The band's first release for Too Pure, "The House That Used to Be a Ship" (a split single with Hefner), was followed by Guardian Guide single of the Week "Cracking Up", gaining much support from Xfm with a John Kennedy Session and live slots for the station at Camden's Barfly.

A second single for the label, "Don't Slip Up" and the debut album Songs of Ignorance followed.

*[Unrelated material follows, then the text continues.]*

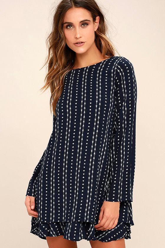 Pretty Navy Blue Dress - Print Dress - Long Sleeve Dress - $44.00 - Lulus

The album was described by Andy Gill in The Independent as displaying "a warmth and charm to the group's jangly indie-pop that's entirely engaging", while the NMEs April Long said that it revealed "a canny aptitude not only for hook-laden guitar tricks but also story-telling", describing the band as "somewhere between the bucolic surrealism of Super Furry Animals and the cerebral pop of XTC." The Sunday Times selected "Cracking Up" as one of the 'Tracks of the Year' at the end of 2001, describing it as "Joyous, mad, brief. 2001's perfect pop song, from a great Welsh band"; Their review of Songs of Ignorance from May that year also described the track as "so ripe - it has three different choruses - and so joyous, it makes you want to tear your clothes off and run for the hills."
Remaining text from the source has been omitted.